### Task requirements:
When the line containing "The 2011 Gulf" is found in the data below, give it again along with every later line, exactly; drop the pictures.

─── Data section

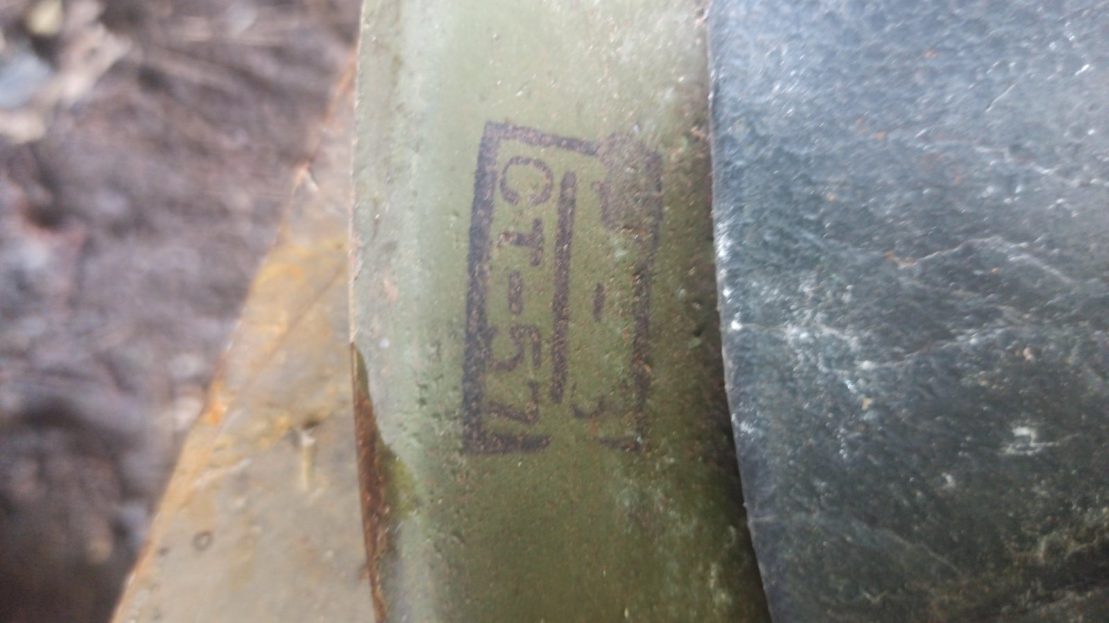 вот еще один шлем с интересной маркировкой, который был найден там же невдалеке. Похоже "их" комплектовали..всем, что было на складах с 40-х годов
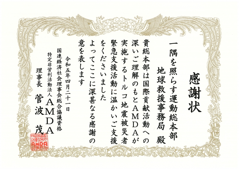 トルコ・シリア地震災害義援金としてお預かりしておりました浄財の一部を特定非営利活動法人AMDAへ寄託いたしました。この度、感謝状をいただきましたのでご報告いたします。
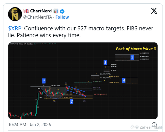 Renowned crypto analyst ChartNerd (@ChartNerdTA) has released a long-term technical analysis of XRP, pointing to a possible massive upside move toward $27. The analysis is based on a strong alignment between Fibonacci extensions and a developing Elliott Wave structure on the weekly XRP/USD chart.
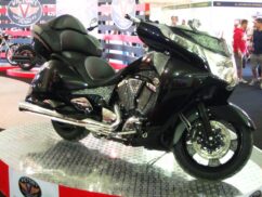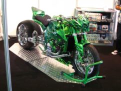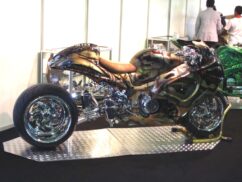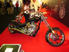 The 2011 Gulf Bike Week is underway at the Dubai Festival City. Set to run from February 10th to the 12th, it is running alongside a big pop concert. Featured are exhibition halls displaying hundreds of motorcycles from various manufacturers, a bike stunt show, and a gathering spot for local bikers to display their personal motorcycles. Harley-Davidson also used the opportunity to announce that they’ve opened a Middle East office in the UAE. We’ve already done a round of the show and scoped out the most interesting bikes that you might like to see.
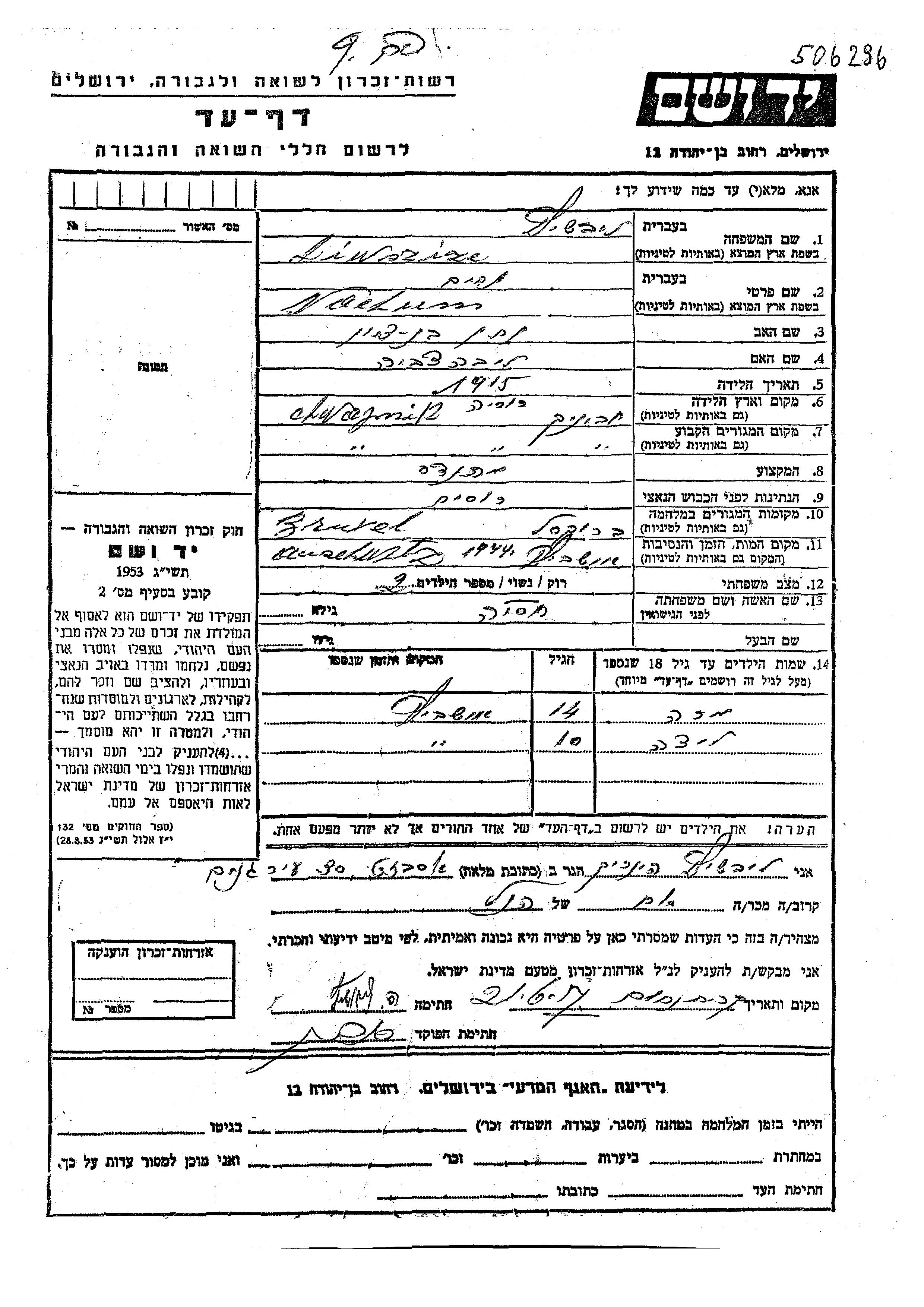 Nachum Liwszizc est né à Chwojnik, Pologne en 1915, fils de Natan Bentzion et de Liba Tzvia. Il était Ingénieur et Mariée à Khasia. Avant la seconde guerre mondiale il vivait à Chwojnik, Pologne. Au cours de la guerre, il était à Bruxelles, Belgique.

──────

### Problem solution:
 The 2011 Gulf Bike Week is underway at the Dubai Festival City. Set to run from February 10th to the 12th, it is running alongside a big pop concert. Featured are exhibition halls displaying hundreds of motorcycles from various manufacturers, a bike stunt show, and a gathering spot for local bikers to display their personal motorcycles. Harley-Davidson also used the opportunity to announce that they’ve opened a Middle East office in the UAE. We’ve already done a round of the show and scoped out the most interesting bikes that you might like to see.
 Nachum Liwszizc est né à Chwojnik, Pologne en 1915, fils de Natan Bentzion et de Liba Tzvia. Il était Ingénieur et Mariée à Khasia. Avant la seconde guerre mondiale il vivait à Chwojnik, Pologne. Au cours de la guerre, il était à Bruxelles, Belgique.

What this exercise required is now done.